Leukocyte adhesion deficiency due to a defect in the Sialyl-Lewis X structure (LAD-2). The probable mode of inheritance is autosomal recessive and is extremely rare. LAD-2 neutrophil adhesion defect is associated with a defect in fucose metabolism, probably due to a mutation in the fucosyltransferase genes.

Other abnormalities associated with defective neutrophil motility have been described in isolated cases.

The clinical picture of LAD depends on the severity of the defect. In patients with a complete absence of CD18/CD11b, the onset of the disease is observed in the neonatal period: non-healing of the umbilical wound, omphalitis, perirectal cellulitis, ulcerative stomatitis, sepsis with a fatal course. With a moderate severity of the defect - frequent repeated bacterial infections, mainly skin and mucous membranes, periodontitis, sinusitis, gastrointestinal lesions (esophagitis, erosive gastritis, necrotizing enterocolitis). The absence of pus in the foci of inflammation is characteristic. At the height of the infection, persistent leukocytosis (often hyperleukocytosis) and neutrophilia are typical, during convalescence the number of neutrophils decreases. The clinical picture and principles of therapy for LAD-2 are similar to those for LAD-1. The fucosylation defect characteristic of LAD-2, in addition to immunodeficiency, manifests itself in a specific phenotype of sick children: short stature, flat face, wide bridge of the nose, short limbs, wide palms, delayed mental and psychomotor development.

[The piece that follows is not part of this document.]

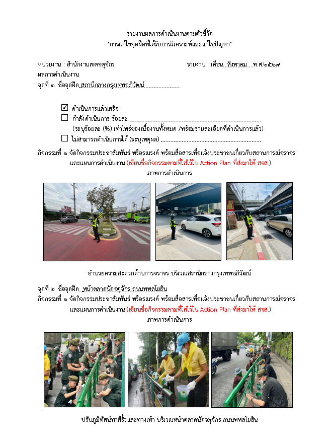 30-08-20246.00สำนักการจราจร ได้กำหนดจุดฝืดในพื้นที่เขตจตุจักร จำนวน 6 จุด (ตามบัญชีของ สจส.) ดังนี้ 1. สถานีกลางกรุงเทพอภิวัฒน์ 2. หน้าตลาดนัดจตุจักร ถนนพหลโยธิน 3. หน้าตลาดต้นไม้ ถนนกำแพงเพชร 4. ปากทางลาดพร้าว (ช่วงโค้ง ถนนลาดพร้าวก่อนตัดกับ ถนนพหลโยธิน) 5. ถนนลาดพร้าว (ปากซอยลาดพร้าว 23 - ซอยลาดพร้าว 25) 6. ถนนงามวงศ์วานก่อนถึงแยกบางเขน 100 เมตร (มาจากแยกพงษ์เพชร) ดำเนินการแล้ว

Neutrophils of patients are unable to adhere to the vascular endothelium and penetrate into the inflammation site.

Diagnosis of leukocyte adhesion deficiency type 1 is based on immunophenotyping of neutrophils using flow cytometry to detect deficiency in the expression of CD 18 and CD 11b on their surface.

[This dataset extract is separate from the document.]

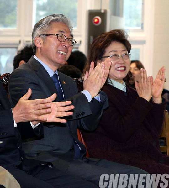 김종덕 문화체육관광부 장관이 16일 설을 맞아, 충북 청주시에 위치한 한 사회복지시설을 방문해 권현숙 원장과 함께 어린이들의 공연을 관람하고 있다.(사진=문화체육관광부)

Treatment of leukocyte adhesion deficiency type 1 involves correct antibacterial treatment tactics during acute infections, taking into account the results of bacteriological studies, and using all possible infection control measures, including granulocyte transfusions. The prognosis is unfavorable. Cure is possible only with allogeneic bone marrow transplantation in the presence of a compatible donor. In moderate cases, a significant reduction in the frequency and severity of infection is possible with adequate drug (co-trimoxazole) and dental prophylaxis.